§ Available data:
********************

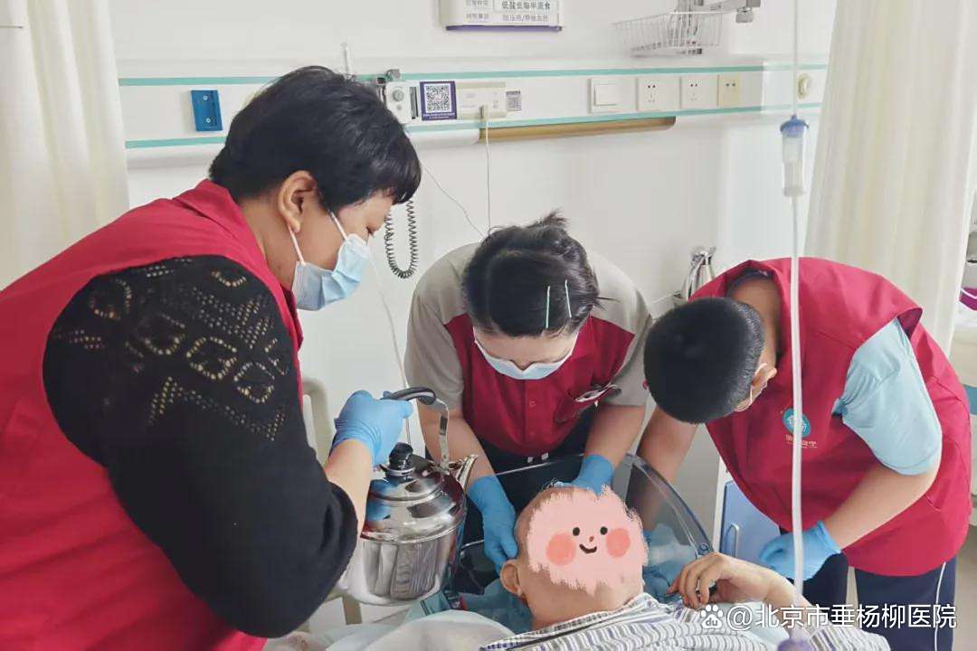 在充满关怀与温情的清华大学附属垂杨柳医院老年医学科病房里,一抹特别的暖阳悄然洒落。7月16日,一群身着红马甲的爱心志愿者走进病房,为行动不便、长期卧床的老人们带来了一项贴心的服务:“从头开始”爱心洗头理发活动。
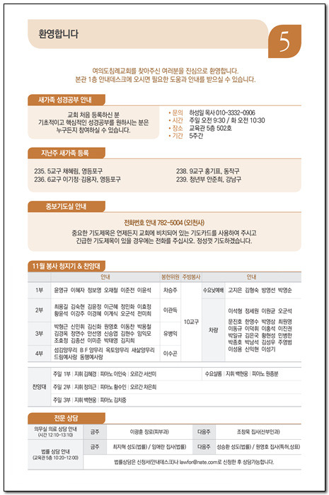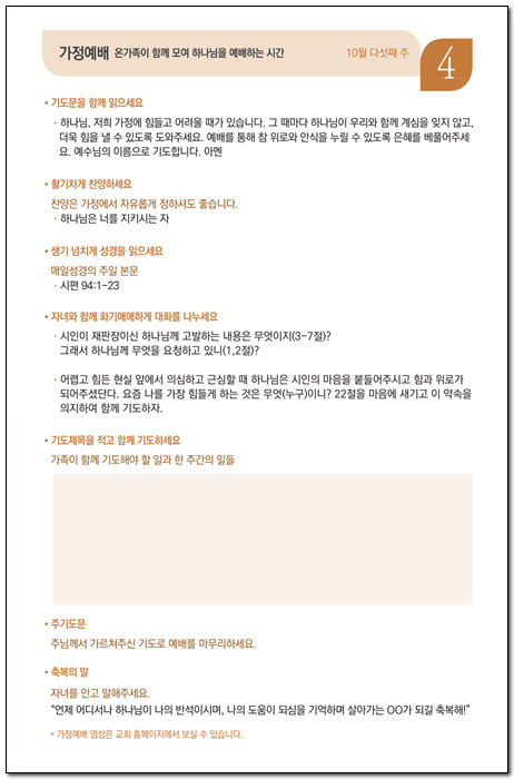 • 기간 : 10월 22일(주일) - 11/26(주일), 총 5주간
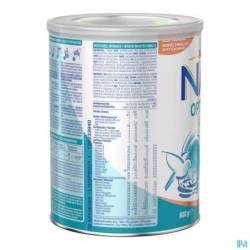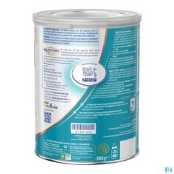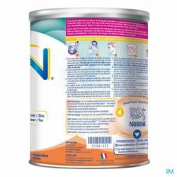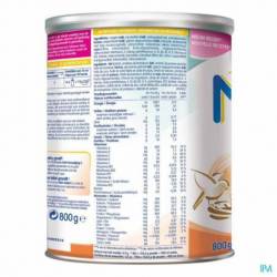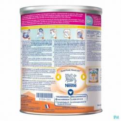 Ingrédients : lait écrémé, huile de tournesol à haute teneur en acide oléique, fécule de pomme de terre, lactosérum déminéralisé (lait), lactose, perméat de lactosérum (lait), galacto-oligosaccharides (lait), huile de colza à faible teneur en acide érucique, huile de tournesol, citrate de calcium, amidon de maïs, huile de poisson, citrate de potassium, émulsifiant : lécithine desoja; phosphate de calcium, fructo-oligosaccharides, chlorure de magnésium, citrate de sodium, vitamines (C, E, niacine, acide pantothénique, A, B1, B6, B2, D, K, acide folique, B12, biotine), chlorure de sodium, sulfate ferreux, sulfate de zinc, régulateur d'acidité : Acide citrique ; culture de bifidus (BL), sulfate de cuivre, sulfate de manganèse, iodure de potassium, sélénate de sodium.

********************

Without the pictures, write out all of the material exactly.

§ Completed exercise:
 在充满关怀与温情的清华大学附属垂杨柳医院老年医学科病房里,一抹特别的暖阳悄然洒落。7月16日,一群身着红马甲的爱心志愿者走进病房,为行动不便、长期卧床的老人们带来了一项贴心的服务:“从头开始”爱心洗头理发活动。
 • 기간 : 10월 22일(주일) - 11/26(주일), 총 5주간
 Ingrédients : lait écrémé, huile de tournesol à haute teneur en acide oléique, fécule de pomme de terre, lactosérum déminéralisé (lait), lactose, perméat de lactosérum (lait), galacto-oligosaccharides (lait), huile de colza à faible teneur en acide érucique, huile de tournesol, citrate de calcium, amidon de maïs, huile de poisson, citrate de potassium, émulsifiant : lécithine desoja; phosphate de calcium, fructo-oligosaccharides, chlorure de magnésium, citrate de sodium, vitamines (C, E, niacine, acide pantothénique, A, B1, B6, B2, D, K, acide folique, B12, biotine), chlorure de sodium, sulfate ferreux, sulfate de zinc, régulateur d'acidité : Acide citrique ; culture de bifidus (BL), sulfate de cuivre, sulfate de manganèse, iodure de potassium, sélénate de sodium.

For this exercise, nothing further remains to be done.